───── The data

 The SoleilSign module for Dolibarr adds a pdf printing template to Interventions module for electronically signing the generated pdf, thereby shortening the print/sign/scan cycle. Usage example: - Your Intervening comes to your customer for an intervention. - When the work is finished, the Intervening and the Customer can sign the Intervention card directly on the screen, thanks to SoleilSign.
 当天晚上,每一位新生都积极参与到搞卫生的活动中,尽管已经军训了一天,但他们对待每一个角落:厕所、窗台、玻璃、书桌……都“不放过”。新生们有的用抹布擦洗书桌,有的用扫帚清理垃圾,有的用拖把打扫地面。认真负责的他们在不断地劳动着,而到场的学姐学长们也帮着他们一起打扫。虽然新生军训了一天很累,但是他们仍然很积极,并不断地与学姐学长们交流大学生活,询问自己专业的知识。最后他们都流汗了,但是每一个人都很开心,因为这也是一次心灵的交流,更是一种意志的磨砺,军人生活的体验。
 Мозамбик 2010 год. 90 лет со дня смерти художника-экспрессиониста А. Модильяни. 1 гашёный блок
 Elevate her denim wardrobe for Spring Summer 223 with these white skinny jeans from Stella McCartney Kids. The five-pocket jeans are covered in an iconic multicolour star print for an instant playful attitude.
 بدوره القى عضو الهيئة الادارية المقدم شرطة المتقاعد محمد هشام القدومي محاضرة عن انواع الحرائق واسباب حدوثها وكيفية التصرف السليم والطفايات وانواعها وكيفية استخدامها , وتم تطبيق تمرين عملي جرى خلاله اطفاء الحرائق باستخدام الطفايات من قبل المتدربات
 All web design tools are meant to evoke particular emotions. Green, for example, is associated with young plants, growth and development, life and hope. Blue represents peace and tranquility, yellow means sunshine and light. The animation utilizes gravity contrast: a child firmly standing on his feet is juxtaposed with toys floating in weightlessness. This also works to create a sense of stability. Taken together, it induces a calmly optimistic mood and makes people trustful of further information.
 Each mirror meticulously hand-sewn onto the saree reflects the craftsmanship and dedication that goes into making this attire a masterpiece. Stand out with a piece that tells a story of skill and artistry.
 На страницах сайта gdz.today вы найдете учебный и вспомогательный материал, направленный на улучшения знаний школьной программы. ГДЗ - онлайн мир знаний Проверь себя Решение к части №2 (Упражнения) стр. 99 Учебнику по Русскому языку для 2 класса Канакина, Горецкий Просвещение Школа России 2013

──────────

**Exercise brief**. Each line from the beginning of the listing up to the line where "当天晚上,每一位新生都积极参" appears needs to be given again exactly; please add nothing else.

**Result**.
 The SoleilSign module for Dolibarr adds a pdf printing template to Interventions module for electronically signing the generated pdf, thereby shortening the print/sign/scan cycle. Usage example: - Your Intervening comes to your customer for an intervention. - When the work is finished, the Intervening and the Customer can sign the Intervention card directly on the screen, thanks to SoleilSign.
 当天晚上,每一位新生都积极参与到搞卫生的活动中,尽管已经军训了一天,但他们对待每一个角落:厕所、窗台、玻璃、书桌……都“不放过”。新生们有的用抹布擦洗书桌,有的用扫帚清理垃圾,有的用拖把打扫地面。认真负责的他们在不断地劳动着,而到场的学姐学长们也帮着他们一起打扫。虽然新生军训了一天很累,但是他们仍然很积极,并不断地与学姐学长们交流大学生活,询问自己专业的知识。最后他们都流汗了,但是每一个人都很开心,因为这也是一次心灵的交流,更是一种意志的磨砺,军人生活的体验。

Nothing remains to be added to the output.